■ Task statement
The first line of the listing opens the range and the line with "АТБ, банкомат по" closes it; repeat those lines and all between them word for word, leaving out the pictures.

■ Data excerpt
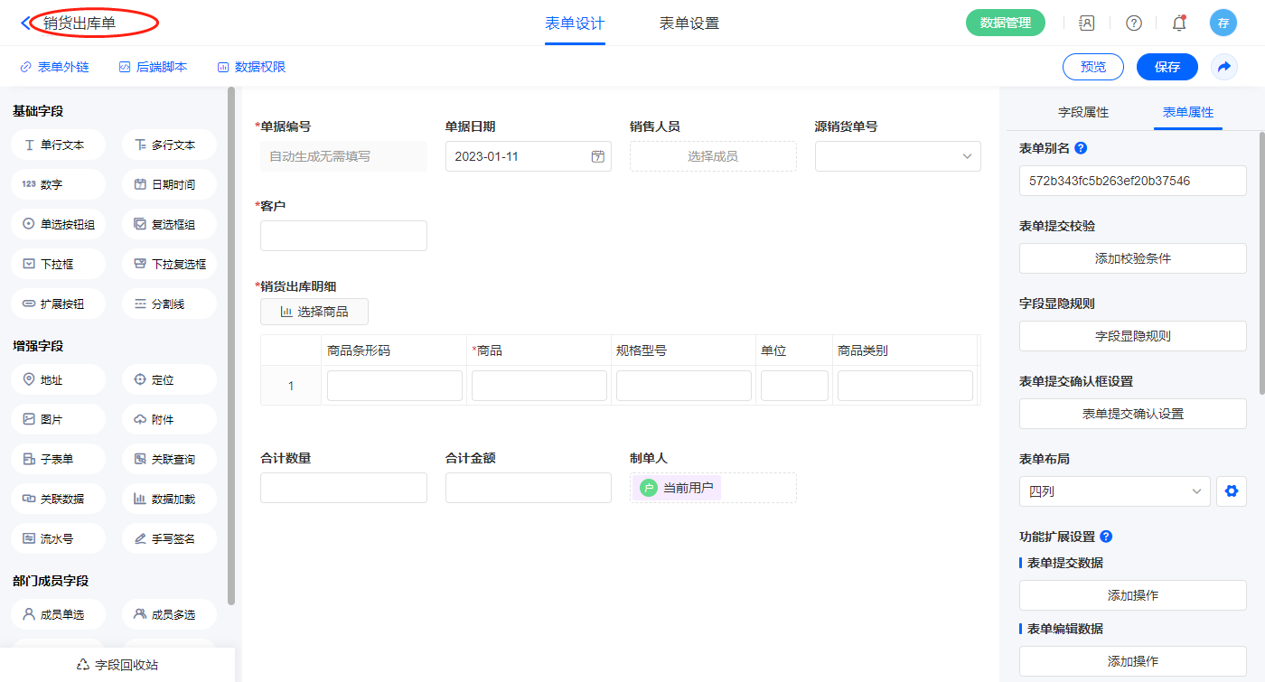 - 2.8、表单【销货出库单】字段及表单属性设置
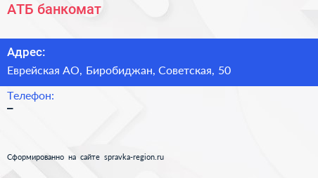 АТБ, банкомат по адресу Еврейская АО, Биробиджан, Советская, 50 в дальнейшем Организация, размещена в следующих категориях:
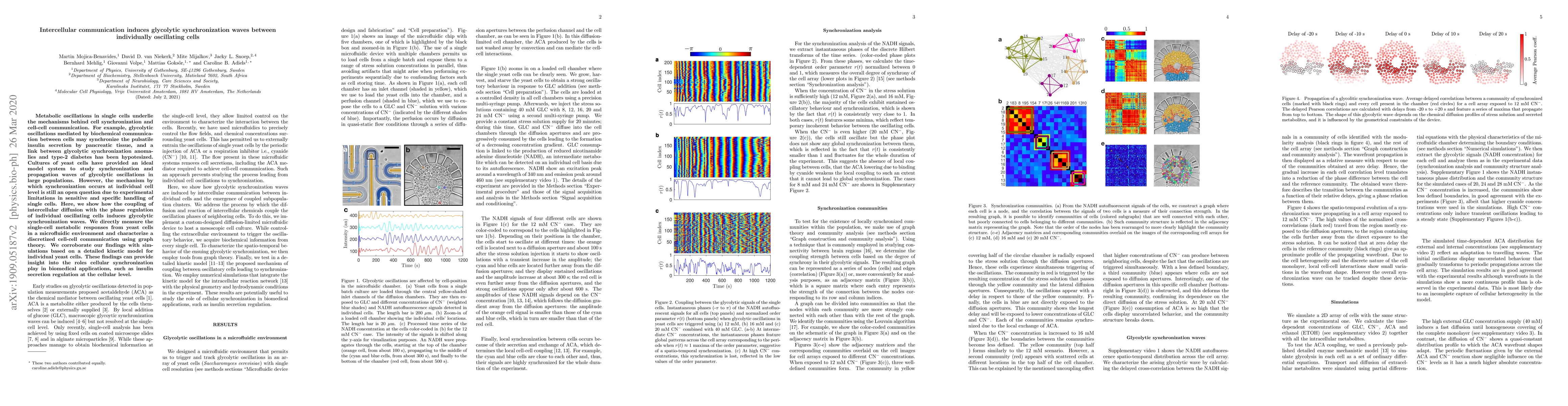 This paper explores how intercellular communication induces glycolytic synchronization waves among individually oscillating yeast cells, revealing mechanisms of synchronization through intercellular diffusion and phase regulation. The findings, supported by microfluidic experiments and simulations, offer insights into cellular synchronization's role in biomedical applications like insulin secretion regulation.
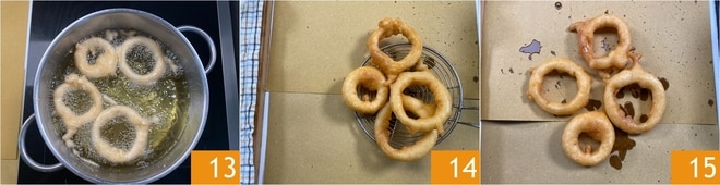 Continue assim, mergulhando poucos anéis de cada vez 13. Frite-os por cerca de 3 minutos, virando-os algumas vezes, até que fiquem bem dourados. Escorra em papel absorvente 14. Prossiga dessa forma até fritar todos e sirva-os ainda quentes 15.

■ Response below
 - 2.8、表单【销货出库单】字段及表单属性设置
 АТБ, банкомат по адресу Еврейская АО, Биробиджан, Советская, 50 в дальнейшем Организация, размещена в следующих категориях:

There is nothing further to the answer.